WHAT TO DO: Please output the records below in full, exactly as given, but without the images.

#####

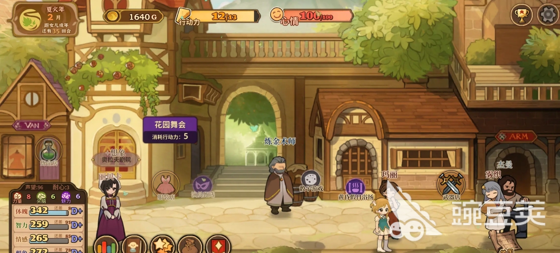 女兒在成長時除了能通過課業(yè)來增長自己的能力外,各位還可帶女兒一起烹飪,種植各類花卉,甚至還可煉金。等女兒擁有了職業(yè)后,還可為她去購置合適的裝備,把她全方位的武裝起來,確保她在外出探險時能更好地去應(yīng)對所有的戰(zhàn)斗。此外,女兒還會與多位伙伴相遇,目前此作共有九名主要的伙伴角色,玩家可協(xié)助女兒與他們相識相交,最終成為要好的朋友,并且在好感度足夠時,還可單獨(dú)開啟某名伙伴的邀約。
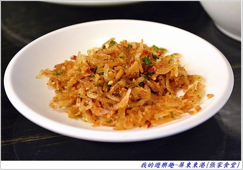 回到座位後桌上已經放置了這免費的前菜。這應該是蔥辣乾炒小蝦米吧 !!
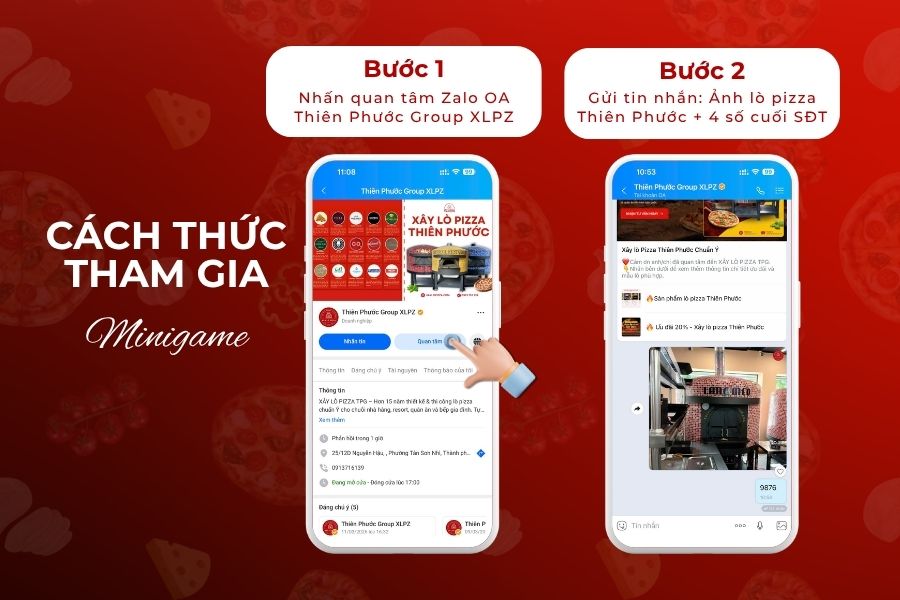 Sau khi quan tâm Zalo OA, quý khách gửi tin nhắn vào Zalo OA với nội dung gồm ảnh chụp lò pizza Thiên Phước đang sử dụng kèm theo 4 số cuối số điện thoại của mình.
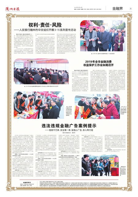 随州日报讯(通讯员龚海芳)在一年一度的“国际消费者权益日”来临之际,人民银行随州市中支组织全市11家银行业金融机构开展“线上+线下”“网点+集中”“五进群体”等形式多样的金融消费者权益保
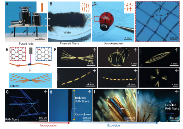 Figure 4.可逆融合實現了可控轉變。(A-D)不同過程時的可逆轉變的照片。(E,F)示意圖和偏光光學照片。(G-J)偏光光學顯微鏡圖像,顯示聚丙烯腈(PAN)短纖維通過熔合捕獲FuF和裂變可逆排出。
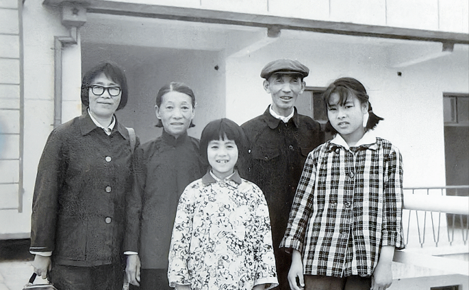 图为樊万琴(左一)一家刚来红峰厂时的合影
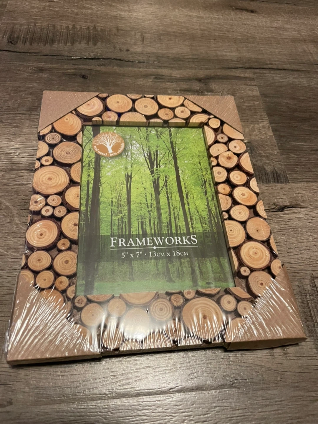 Selling a brand new Frameworks picture frame! It's still in its original packaging. The frame is 5" x 7" (13cm x 18cm) and features a unique design with wood logs around the border. Perfect for displaying your favourite photos!
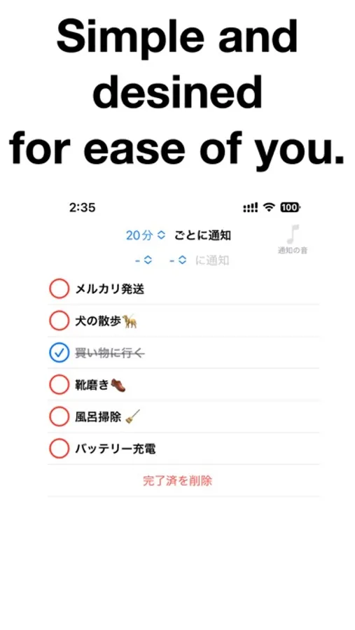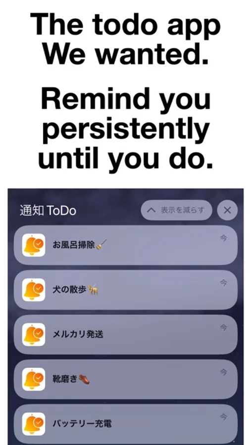 It is a Todo app that reminds you with notifications just by registering things to do.

#####

EXERCISE SOLUTION:
 女兒在成長時除了能通過課業(yè)來增長自己的能力外,各位還可帶女兒一起烹飪,種植各類花卉,甚至還可煉金。等女兒擁有了職業(yè)后,還可為她去購置合適的裝備,把她全方位的武裝起來,確保她在外出探險時能更好地去應(yīng)對所有的戰(zhàn)斗。此外,女兒還會與多位伙伴相遇,目前此作共有九名主要的伙伴角色,玩家可協(xié)助女兒與他們相識相交,最終成為要好的朋友,并且在好感度足夠時,還可單獨(dú)開啟某名伙伴的邀約。
 回到座位後桌上已經放置了這免費的前菜。這應該是蔥辣乾炒小蝦米吧 !!
 Sau khi quan tâm Zalo OA, quý khách gửi tin nhắn vào Zalo OA với nội dung gồm ảnh chụp lò pizza Thiên Phước đang sử dụng kèm theo 4 số cuối số điện thoại của mình.
 随州日报讯(通讯员龚海芳)在一年一度的“国际消费者权益日”来临之际,人民银行随州市中支组织全市11家银行业金融机构开展“线上+线下”“网点+集中”“五进群体”等形式多样的金融消费者权益保
 Figure 4.可逆融合實現了可控轉變。(A-D)不同過程時的可逆轉變的照片。(E,F)示意圖和偏光光學照片。(G-J)偏光光學顯微鏡圖像,顯示聚丙烯腈(PAN)短纖維通過熔合捕獲FuF和裂變可逆排出。
 图为樊万琴(左一)一家刚来红峰厂时的合影
 Selling a brand new Frameworks picture frame! It's still in its original packaging. The frame is 5" x 7" (13cm x 18cm) and features a unique design with wood logs around the border. Perfect for displaying your favourite photos!
 It is a Todo app that reminds you with notifications just by registering things to do.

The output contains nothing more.